RM Rudolf Müller
Moderne Rinne mit integrierter Regenwasserfiltration für die Flächenentwässerung

Moderne Rinne mit integrierter Regenwasserfiltration für die Flächenentwässerung. Foto: Birco

Entwässerung
02. Oktober 2013 | Artikel teilen Artikel teilen

Erklärt: Was Entwässerungstechnik bedeutet

Entwässerung ist ein weites Feld. Im Baubereich ist damit die Abführung von Gebrauchswasser und Niederschlagswasser gemeint – entweder in die Kanalisation oder auf Versickerungsflächen.
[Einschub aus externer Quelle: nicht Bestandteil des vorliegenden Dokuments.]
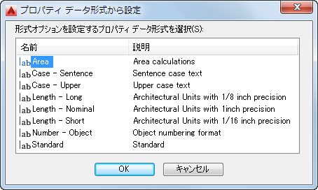 選択したプロパティ データ形式の設定は、フィールドの形式コードにコピーされます。

Dabei kommt eine Vielzahl von künstlichen Kanälen, Rohren, Rinnen und Drainagesystemen zum Einsatz. Dieser Artikel bietet einen kurzen Überblick über die unterschiedlichen Aufgabenbereiche. 

In Sachen Entwässerung hat die Moderne in Deutschland erstaunlich spät Einzug erhalten. Bei Typhus- und Choleraepidemien denkt man ja gemeinhin eher an das Mittelalter, tatsächlich waren sie aber noch im 19. Jahrhundert weit verbreitet. Eine Hauptursache waren mangelnde hygienische Zustände in den Städten, die im Zuge der Industrialisierung ein rasantes Wachstum erlebten, zugleich aber noch nicht über eine geordnete Abwasserentsorgung verfügten. Man kann es sich heute gar nicht mehr vorstellen, aber das erste moderne Kanalisationssystem in Deutschland entstand erst im Jahre 1856 in Hamburg. Und erst zu Beginn des 20. Jahrhunderts wurden ein durchgehendes Kanalsystem und kurz darauf auch die Abwasserreinigung allmählich zum Normalfall in unseren Städten. Vor allem in ländlichen Gebieten hat man Abwasser aber sogar noch bis weit nach dem Zweiten Weltkrieg oft noch in dezentralen Senk- und Sickergruben entsorgt.

Gebäudeentwässerung

Heute kommt es nur noch selten vor, dass Grundstücke in Deutschland keinen Anschluss an die öffentliche Abwasserkanalisation haben. Grundsätzlich kann man das moderne Entwässerungssystem in zwei große Bereiche unterscheiden: die Gebäude- und die Flächenentwässerung. Dabei zählt man zur Gebäudeentwässerung auch das Niederschlagswasser, das von den Dachflächen über Dachrinnen und Fallrohre abgeleitet wird. Außerdem ist natürlich die innerhäusliche Abwasserentsorgung ein Teil der Gebäudeentwässerung. Für diesen Bereich bieten die Hersteller von Entwässerungstechnik neben Rohrsystemen auch viel zusätzliche Haustechnik an: zum Vermeiden von Überschwemmungen oder zur dezentralen Abwasserreinigung.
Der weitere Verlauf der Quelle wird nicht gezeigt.